When out with your friends it is important to keep up. No one wants to be sipping a diet Sprite while all around them friends and acquaintances are having a good time downing cold draft beers, munching on free finger food during happy hour and meeting hot chicks.
Yes, it's important to be good looking, have an outgoing personality and smell like the inside of a new car. However, there's no sense in sitting at the "big boys table" if you can't empty that glass and slap it down on the bar like you know what your're doing.

Fluid intake is everything. Being thirsty is only a state of a mind. Just like we only use 20% of our brain, our kidneys are normally only worked to 30% capacity! Everyone has the ability to increase their fluid intake, triple it, in fact. Remember, just like a muscle wastes away from disuse, so can your kidneys, especially the right kidney (don't worry, I just made that up). And, likewise, exercising your kidneys by gradually increasing your drinking habits (fluid intake) will get your kidneys into tip-top shape, ready at a moment's notice to do some serious bar hopping.
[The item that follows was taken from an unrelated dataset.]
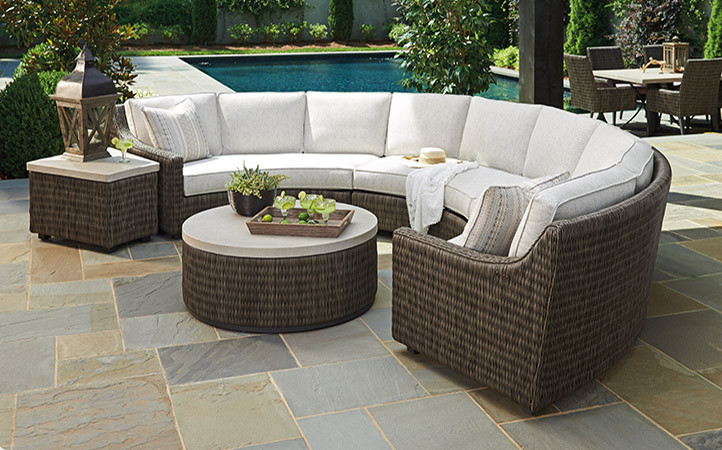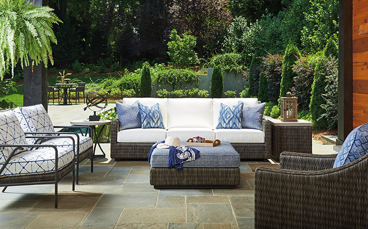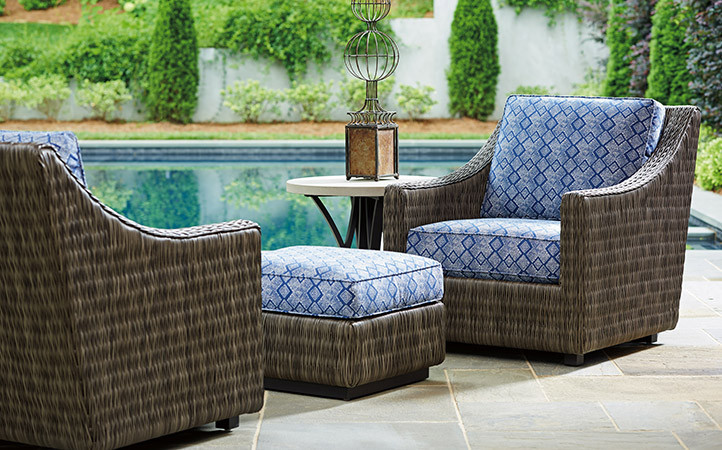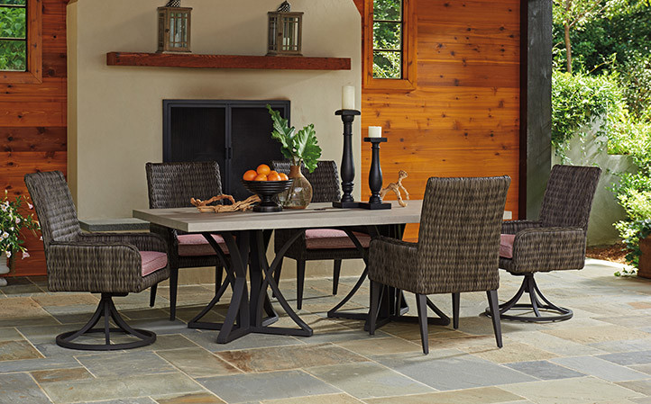 Cypress Point Ocean Terrace features a distinctive V-pattern of all-weather woven wicker, aluminum frames in a custom aged iron finish and contemporary Weatherstone tops that emulate honed limestone.

Do you suffer from UE (urinal envy)? Aside from impressing chicks and friends with your drinking prowess, we all know that where it really counts is in the john. How many times have you stood next to some skinny, five foot tall, long haired a-hole waiting to see who could put out the longest stream only to be knocked out of the running after less than a minute? And then, even after you're at the sink, he's still not finished? How inadequate does that make you feel?
Why didn't she listen?

You need to get in the habit of not counting your beers, just enjoy them. Yes, you can pace yourself without anybody noticing but where's the fun in that? Instead, talk to your doctor...on second thought, don't.
This is just one of those problems that are better left unmentioned. If you can only handle six beers at a time, keep it to yourself.

Helpful Tips:
  • Have a glass of beer before and after each of your meals.
  • Set your smart phone alarm on vibrate to remind you to have the next beer.
  • Make a goal to drink at least 42 ounces of beer per hour and try to reach it.
  • Keep a beer diary of how many times you had to pay for the next round.
  • In winter keep a six pack in the back of your pickup under your jumper cables. 
  • Find your inner you...whenever you feel that you've had enough to drink, go for one more.
  • If you work in a hot/dry environment such as a cattle barn, take as many breaks as you need to maintain your fluid intake. 
  • Have a drinking problem? First try using a larger glass.